**Your goal**
Once the line with "There are two" is found in the entries below, print it and each following line exactly, stopping after the line with "5 peças conjunto"; print nothing else.

[Saved entries]
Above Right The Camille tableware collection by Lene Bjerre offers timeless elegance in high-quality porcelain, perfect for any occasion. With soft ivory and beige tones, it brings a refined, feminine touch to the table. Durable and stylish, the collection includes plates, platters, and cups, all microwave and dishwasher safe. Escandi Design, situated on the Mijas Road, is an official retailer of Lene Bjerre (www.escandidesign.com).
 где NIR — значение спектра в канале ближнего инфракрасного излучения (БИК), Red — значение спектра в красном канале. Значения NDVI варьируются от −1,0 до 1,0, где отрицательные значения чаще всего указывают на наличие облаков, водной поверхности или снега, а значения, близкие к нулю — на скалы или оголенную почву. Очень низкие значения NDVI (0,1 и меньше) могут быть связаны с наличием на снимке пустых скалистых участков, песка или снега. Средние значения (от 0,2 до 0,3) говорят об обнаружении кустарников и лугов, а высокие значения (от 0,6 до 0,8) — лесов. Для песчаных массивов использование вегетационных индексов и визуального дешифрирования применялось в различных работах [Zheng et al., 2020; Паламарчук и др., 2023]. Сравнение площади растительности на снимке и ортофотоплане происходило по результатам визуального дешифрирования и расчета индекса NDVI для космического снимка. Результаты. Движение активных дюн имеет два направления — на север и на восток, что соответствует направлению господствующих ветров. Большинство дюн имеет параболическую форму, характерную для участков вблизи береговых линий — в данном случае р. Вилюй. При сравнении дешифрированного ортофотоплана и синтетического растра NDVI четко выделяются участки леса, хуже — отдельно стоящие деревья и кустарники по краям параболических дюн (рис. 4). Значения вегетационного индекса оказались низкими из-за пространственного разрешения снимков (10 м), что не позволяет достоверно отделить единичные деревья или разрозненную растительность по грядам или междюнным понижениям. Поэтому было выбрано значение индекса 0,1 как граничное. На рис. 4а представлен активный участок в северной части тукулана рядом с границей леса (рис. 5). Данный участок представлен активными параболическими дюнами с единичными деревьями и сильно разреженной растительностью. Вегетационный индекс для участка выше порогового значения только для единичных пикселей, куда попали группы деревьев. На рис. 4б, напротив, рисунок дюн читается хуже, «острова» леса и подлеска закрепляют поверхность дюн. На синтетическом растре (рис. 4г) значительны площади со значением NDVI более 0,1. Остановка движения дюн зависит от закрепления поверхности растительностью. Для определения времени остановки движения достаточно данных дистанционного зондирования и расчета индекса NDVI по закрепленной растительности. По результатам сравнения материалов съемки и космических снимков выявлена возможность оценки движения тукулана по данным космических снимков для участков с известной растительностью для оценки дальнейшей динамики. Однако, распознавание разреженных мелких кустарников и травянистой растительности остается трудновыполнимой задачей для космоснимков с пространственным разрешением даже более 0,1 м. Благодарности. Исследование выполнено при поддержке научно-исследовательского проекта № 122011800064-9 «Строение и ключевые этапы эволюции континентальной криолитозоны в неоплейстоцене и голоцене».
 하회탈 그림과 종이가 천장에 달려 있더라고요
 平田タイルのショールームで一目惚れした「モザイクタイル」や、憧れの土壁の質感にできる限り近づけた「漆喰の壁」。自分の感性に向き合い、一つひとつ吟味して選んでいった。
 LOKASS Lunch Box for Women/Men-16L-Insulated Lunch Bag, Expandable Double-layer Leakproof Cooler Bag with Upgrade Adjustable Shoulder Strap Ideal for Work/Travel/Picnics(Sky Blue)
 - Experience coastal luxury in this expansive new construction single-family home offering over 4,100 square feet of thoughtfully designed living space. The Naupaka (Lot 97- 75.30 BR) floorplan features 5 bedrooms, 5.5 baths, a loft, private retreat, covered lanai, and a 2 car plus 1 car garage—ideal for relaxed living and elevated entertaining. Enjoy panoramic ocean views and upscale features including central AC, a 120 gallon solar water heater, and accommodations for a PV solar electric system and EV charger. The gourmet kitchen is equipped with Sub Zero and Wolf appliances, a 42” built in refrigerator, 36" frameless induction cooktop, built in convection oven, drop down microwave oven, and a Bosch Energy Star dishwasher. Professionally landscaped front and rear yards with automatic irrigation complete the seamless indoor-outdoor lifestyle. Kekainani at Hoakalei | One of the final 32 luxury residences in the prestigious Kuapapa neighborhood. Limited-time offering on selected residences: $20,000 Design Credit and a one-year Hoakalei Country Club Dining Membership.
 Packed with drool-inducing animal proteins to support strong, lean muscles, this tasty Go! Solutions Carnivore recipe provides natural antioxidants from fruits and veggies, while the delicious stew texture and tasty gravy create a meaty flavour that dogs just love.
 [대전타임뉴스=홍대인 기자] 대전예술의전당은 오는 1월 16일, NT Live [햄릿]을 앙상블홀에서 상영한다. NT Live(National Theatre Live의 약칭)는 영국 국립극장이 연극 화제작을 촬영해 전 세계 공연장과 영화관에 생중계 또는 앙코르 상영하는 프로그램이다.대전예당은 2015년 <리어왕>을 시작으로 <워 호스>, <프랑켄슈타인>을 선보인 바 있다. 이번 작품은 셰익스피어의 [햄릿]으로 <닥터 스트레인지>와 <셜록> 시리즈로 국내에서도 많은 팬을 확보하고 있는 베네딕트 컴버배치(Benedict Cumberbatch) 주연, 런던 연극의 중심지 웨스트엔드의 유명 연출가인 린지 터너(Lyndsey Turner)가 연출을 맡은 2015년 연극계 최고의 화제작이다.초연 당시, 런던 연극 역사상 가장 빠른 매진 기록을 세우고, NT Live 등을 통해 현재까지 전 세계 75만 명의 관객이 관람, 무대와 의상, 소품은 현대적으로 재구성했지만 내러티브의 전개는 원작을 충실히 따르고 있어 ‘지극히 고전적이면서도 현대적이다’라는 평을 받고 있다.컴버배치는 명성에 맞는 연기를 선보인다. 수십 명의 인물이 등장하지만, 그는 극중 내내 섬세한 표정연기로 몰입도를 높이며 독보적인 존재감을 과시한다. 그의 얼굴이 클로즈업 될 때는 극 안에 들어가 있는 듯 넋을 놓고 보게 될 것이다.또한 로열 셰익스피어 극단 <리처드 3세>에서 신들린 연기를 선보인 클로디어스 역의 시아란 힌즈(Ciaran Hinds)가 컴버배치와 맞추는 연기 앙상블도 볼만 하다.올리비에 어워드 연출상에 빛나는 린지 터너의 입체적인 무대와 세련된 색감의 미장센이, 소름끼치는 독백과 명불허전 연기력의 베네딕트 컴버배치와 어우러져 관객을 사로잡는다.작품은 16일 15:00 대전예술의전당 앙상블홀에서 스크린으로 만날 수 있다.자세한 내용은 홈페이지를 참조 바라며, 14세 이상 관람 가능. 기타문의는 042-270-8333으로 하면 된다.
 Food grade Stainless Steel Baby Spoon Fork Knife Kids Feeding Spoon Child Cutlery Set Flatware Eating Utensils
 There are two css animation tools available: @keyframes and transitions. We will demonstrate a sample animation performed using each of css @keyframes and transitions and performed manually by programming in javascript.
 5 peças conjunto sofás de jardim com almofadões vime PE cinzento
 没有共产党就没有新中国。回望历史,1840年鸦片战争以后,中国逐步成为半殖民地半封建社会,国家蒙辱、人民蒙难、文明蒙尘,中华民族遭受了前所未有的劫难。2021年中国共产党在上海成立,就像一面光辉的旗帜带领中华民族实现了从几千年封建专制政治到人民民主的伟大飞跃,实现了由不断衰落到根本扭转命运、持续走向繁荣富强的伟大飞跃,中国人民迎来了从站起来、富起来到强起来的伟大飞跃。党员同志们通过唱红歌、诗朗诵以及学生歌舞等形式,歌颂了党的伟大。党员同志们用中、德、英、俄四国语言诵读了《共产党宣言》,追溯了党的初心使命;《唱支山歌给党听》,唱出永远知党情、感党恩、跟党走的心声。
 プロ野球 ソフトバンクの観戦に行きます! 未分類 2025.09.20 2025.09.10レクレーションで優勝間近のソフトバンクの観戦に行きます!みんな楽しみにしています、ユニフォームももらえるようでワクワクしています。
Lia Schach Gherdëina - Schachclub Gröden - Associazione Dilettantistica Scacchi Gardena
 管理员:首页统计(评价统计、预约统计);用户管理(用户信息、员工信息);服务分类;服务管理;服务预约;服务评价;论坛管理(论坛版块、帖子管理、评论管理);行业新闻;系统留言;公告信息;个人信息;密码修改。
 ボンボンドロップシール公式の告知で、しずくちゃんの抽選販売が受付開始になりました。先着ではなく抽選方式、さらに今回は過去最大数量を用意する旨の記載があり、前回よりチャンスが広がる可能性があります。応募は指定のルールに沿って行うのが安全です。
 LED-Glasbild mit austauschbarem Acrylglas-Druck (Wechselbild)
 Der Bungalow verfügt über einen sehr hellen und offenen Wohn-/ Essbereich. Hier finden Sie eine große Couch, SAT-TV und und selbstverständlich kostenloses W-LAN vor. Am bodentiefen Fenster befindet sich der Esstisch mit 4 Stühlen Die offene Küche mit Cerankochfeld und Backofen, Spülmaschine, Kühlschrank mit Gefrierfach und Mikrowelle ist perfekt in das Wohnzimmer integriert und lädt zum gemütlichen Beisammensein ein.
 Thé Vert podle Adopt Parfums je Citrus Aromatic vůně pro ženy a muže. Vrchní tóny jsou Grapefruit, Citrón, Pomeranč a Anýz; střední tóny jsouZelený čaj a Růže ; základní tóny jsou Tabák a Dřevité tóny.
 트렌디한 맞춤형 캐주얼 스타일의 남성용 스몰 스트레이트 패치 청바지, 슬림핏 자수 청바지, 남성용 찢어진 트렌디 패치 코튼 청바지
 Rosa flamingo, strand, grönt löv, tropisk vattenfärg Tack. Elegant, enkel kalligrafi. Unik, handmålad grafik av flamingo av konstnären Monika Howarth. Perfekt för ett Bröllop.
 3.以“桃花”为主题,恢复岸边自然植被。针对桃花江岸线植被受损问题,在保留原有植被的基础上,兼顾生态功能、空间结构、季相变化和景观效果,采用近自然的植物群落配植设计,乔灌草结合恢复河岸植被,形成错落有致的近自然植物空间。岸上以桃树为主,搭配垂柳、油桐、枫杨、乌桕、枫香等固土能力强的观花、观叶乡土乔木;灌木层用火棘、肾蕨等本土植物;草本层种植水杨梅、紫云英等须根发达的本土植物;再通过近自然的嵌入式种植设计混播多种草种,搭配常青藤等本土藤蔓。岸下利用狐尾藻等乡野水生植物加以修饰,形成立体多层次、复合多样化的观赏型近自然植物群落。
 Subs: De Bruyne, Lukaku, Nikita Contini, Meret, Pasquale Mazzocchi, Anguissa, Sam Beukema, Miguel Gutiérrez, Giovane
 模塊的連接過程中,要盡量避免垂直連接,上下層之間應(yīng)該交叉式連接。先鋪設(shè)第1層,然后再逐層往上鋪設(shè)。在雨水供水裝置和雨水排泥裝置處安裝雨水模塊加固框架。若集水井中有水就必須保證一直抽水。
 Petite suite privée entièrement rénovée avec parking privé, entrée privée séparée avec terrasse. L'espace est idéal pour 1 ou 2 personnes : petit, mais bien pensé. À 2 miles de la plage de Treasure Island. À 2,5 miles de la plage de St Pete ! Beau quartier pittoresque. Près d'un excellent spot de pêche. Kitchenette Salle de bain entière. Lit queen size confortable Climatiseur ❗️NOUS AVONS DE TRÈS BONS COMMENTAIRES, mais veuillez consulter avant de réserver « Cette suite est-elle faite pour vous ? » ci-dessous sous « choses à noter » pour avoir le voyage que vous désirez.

**Solution**
 There are two css animation tools available: @keyframes and transitions. We will demonstrate a sample animation performed using each of css @keyframes and transitions and performed manually by programming in javascript.
 5 peças conjunto sofás de jardim com almofadões vime PE cinzento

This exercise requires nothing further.